UNIX (and its nearly-clone, Linux) take a more sophisticated view of a filesystem. Firstly, a distinction is made between metainformation describing files (such as their creation date, ownership, and what disk blocks they occupy), the file contents, and the human-readable name assigned to the file. (We'll see how this is important shortly.) Secondly, the Linux kernel provides a virtual filesystem layer. The virtual filesystem provides a uniform public interface to programs that want to read or write files; real filesystems plug in underneath the VFS, and the VFS does the heavy lifting of translating user program requests into actual calls to the underlying filesystem. This allows the Linux to talk to a huge range of different filesystems -- such as MSDOS, traditional UNIX, RiscOS, MacOS, Amiga, CDROM, Windows NT filesysytems, or even a disk filesystem mapped onto a tape drive or a network socket -- without the need for applications to be aware of the underlying filesystem type.

Why use different filesystem types? Well, every operating system developer has traditionally had a different way of thinking about file storage, so the wheel keeps getting reinvented in a variety of shapes and sizes. In addition, older Linux filesystems don't cope so well with huge (multi- gigabyte or multi-terabyte) files, or with home users who believe in shutting down by unplugging the computer. Fault tolerance is a big problem; a filesystem needs to minimize the risk of data corruption or loss if someone yanks out a power cable, and recover rapidly after such a crash. Journaling is the most popular technology for achieving this goal, followed by the (more expensive) RAID techniques (which rely on hardware, rather than software).

Another major reason for using different filesystem types is the availability of network filesystems -- Sun's NFS (Network File System), Microsoft's SMB system and Apple's AppleShare are the best known. These are network protocols; rather than storing data on a hard disk they allow a server to export a volume (filesystem) that can be mounted via the network on a client machine: thereafter the client reads and writes files over the network to the server's hard drive. Both NFS and SMB let you specify that a filesystem will be exported, and control which client machines can mount it. But if your server goes down for some reason, the clients that are using files on the NFS filesystem will be left high and dry. The answer to this is to use a clustering network filesystem -- one where a bunch of servers work as a team. (See Shopper 156).

I'm going to look at these categories in turn -- at conventional filesystems, journaling filesystems, and network filesystems -- and see what the state of play is on Linux.

ext2, the standard Linux filesystem

The ext2 filesystem is descended from the traditional Unix filesystems, which tended to be fast but temperamental -- if you sneezed at them they tended to break. Ext2 is two different filesystems, depending on whether you look at the metadata layer or the file layer. All Unix filesystems rely on a basic data structure called the inode (information node). An inode has a unique ID number, and some information about creation time, number of links (filenames) attached to it, and pointers to the disk blocks that store its associated data; in fact, an inode encapsulates everything we need to know about a file except its name.

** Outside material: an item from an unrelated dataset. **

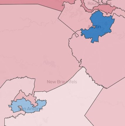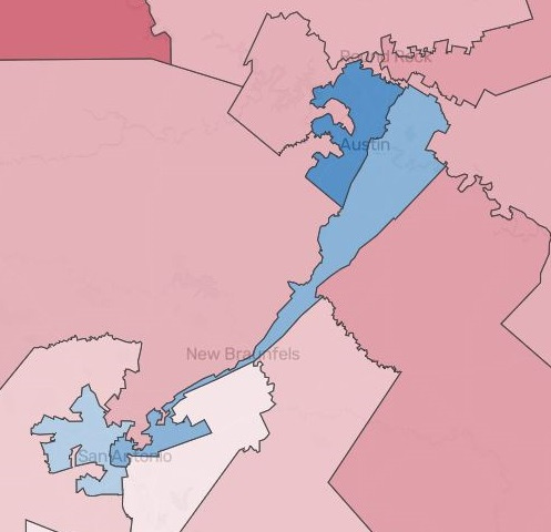 Here are what the maps look like (taken from link above). Currently, San Antonio and Austin have a Congressional district covering both cities:

Inodes live in a table on the disk at a well-known location -- they're basically the core metadata of the system. Lose your inode table and you can kiss your data goodbye.

A directory, in contrast, is just a special file that consists of a list of filenames, each of which is accompanied by an inode number. It's data, not metadata. Lose your directory files and you can (in principle) reconstruct your data -- although you'll have lost the identifying names.

To run a program like /usr/bin/bash, the kernel needs to open inode number one (the root directory), read through its data and locate the inode for "usr". It then reads that inode's data, locates the inode for "bin" and so on until it finds the code stored in the data blocks referred to by the inode referred to by "bash". If this sounds long-winded, it is -- that's why Linux has a buffer cache, an area of RAM that contains copies of recently read disk blocks. Memory access speeds are roughly a million times faster than disk access speeds, so if we're trying to access an often-read chunk of data it makes a lot of sense to keep a copy hanging about in the cache. (The buffer cache is dynamically resizable and uses up all free memory that other programs aren't asking for. So if you've got a 1Gb machine running nothing in particular, it'll have a buffer cache taking up most of its RAM -- and if you then load ten copies of StarOffice the buffer cache will downsize itself to almost nothing. If only StarOffice behaved in such a civilized manner ...)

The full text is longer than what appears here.